Figure 1. Evaluation of the trigenic Cre/loxP-dependent, tetracycline inducible transgenic system

(A) Schematic illustrating operation of the trigenic system. The R26^rtTA-EGFP knockin mice will only express the rtTA from the Rosa26 locus upon Cre-mediated recombination (Belteki et al., 2005). Wnt1-Cre transgenic mice have been shown to label almost all NCC, including the cardiac and craniofacial NCC lineages (Jiang et al., 2000; Chai et al., 2000). In the tetO-Smad7 transgenic mice, myc-Smad7 full length cDNA (myc tag is blue box 5' of Smad7 cDNA) is under the control of heptamerized tetOn promoter, but Smad7 is not expressed until both the transactivator (rtTA) and inducer (doxycycline) are present within the same cell.

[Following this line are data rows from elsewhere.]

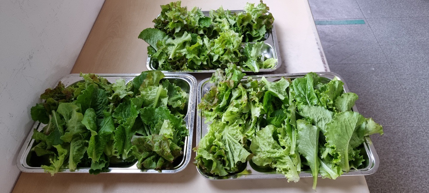 숲사랑청소년단 학생들은 각 반 텃밭상자를 추첨 받고 직접 흙과 거름을 섞었다. 6일 후인 6월 1일에는 상추, 깻잎, 가지, 오이, 고추, 수박, 방울토마토 등 다양한 작물들을 심어 보았다. 숲사랑청소년단 임원들은 매일 등교 후, 하교 전 텃밭에 물을 주었고, 6월 15일 상추 첫 수확을 할 수 있게 되었다. 첫 상추 수확 / 지도교사 송춘종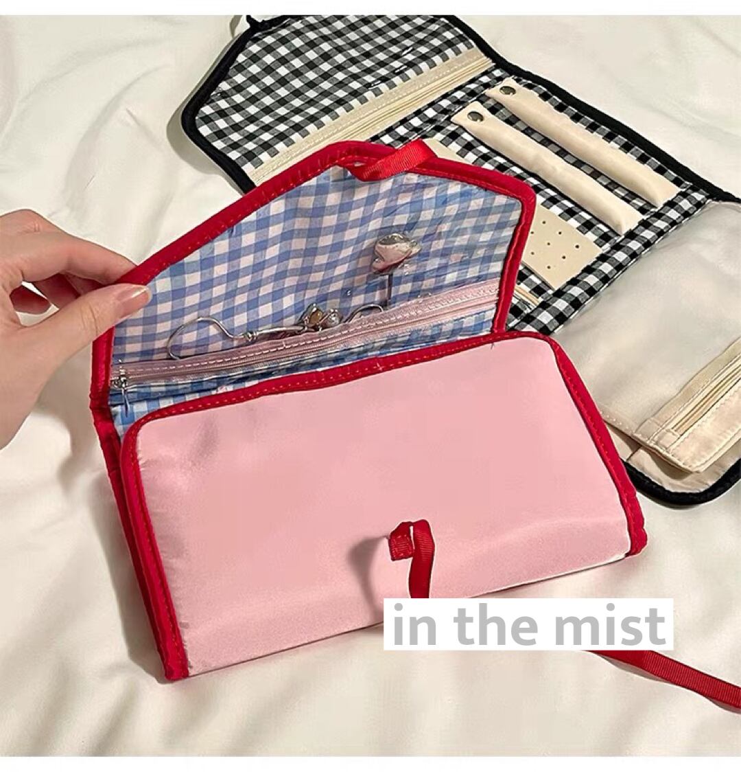 gingham check cosme pouch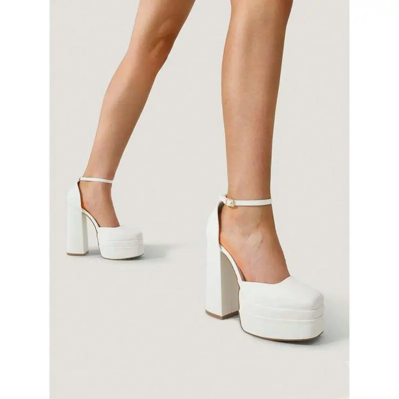 Square-Toe: These platform heels are designed with a fashionable square toe and complemented with a svelte ankle strap for a touch of glamour and elegance.
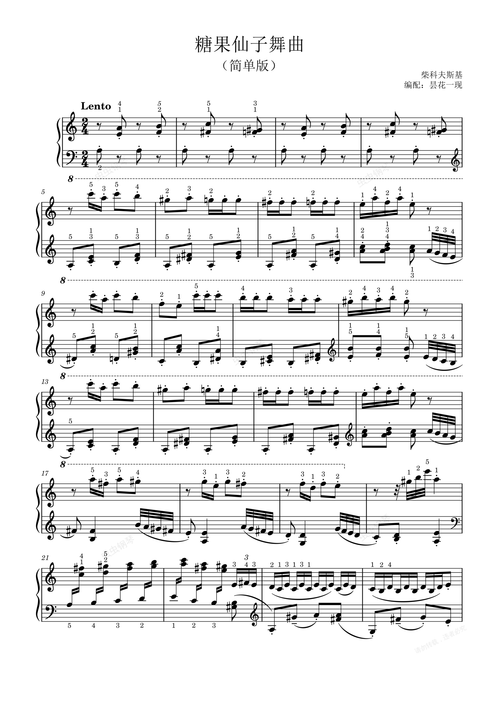 钢琴谱:糖果仙子舞曲,C调简单版 柴科夫斯基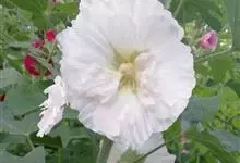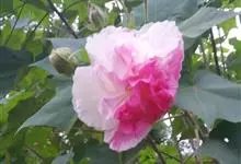 木芙蓉,锦葵科木槿属落叶灌木或小乔木。小枝上有细绒毛;叶片为卵状心形,托叶为披针形,常早落;花单生,花萼为钟形,花冠初为白色或淡红色,后逐渐变为深红色;果实为扁球形,有淡黄色的毛附着。花期8到10月。…全部>>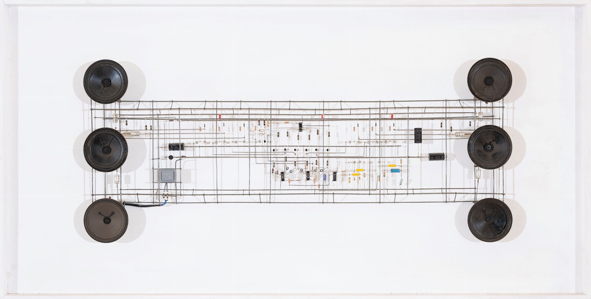 scultura sonora (filo metallico, altoparlanti, componenti elettronici montati su cassetta bianca), cm. 61x121x4

Although all three transgenes are individually silent within the compound trigenic mice, myc-tagged Smad7 can be specifically induced within Cre-positive neural crest lineages upon doxycycline feeding. Thus, the spatiotemporal timing of myc-tagged Smad7 expression is determined by the timing of doxycycline addition and positionally by the expression of Cre recombinase. (B) RT-PCR analysis reveals that Smad7 mRNA expression is upregulated ~10 fold in trigenic E10.5 embryos fed doxycycline at E7.5 compared to control embryo expression of endogenous Smad7 (n= 4 embryos of each genotype). Loading was normalized using GAPDH housekeeping control. (C,D) Western analysis verifies that myc-Smad7 is only expressed within duplicate doxycycline-fed duplicate trigenic E10.5 embryos fed doxycycline at E7.5, and is absent from duplicate control embryos (n=3 duplicates). The presence of myc-Smad7 suppressed both pSmad1/5/8 and pSmad2 levels relative to total Smad1 and pSmad2/3 levels when compared to age-matched control littermates, indicating over-expression of Smad7 attenuates both BMP and TGFβ signaling by ~55% (D). Loading was normalized using Tubulin housekeeping control. αTubulin signal was detected after 5 sec, while Myc and Smads was after 30 sec exposures. Abbreviations: tri, trigenic tetO-Smad7/Wnt1-Cre/Rosa^rtTA-EGFP embryos; con, control embryos.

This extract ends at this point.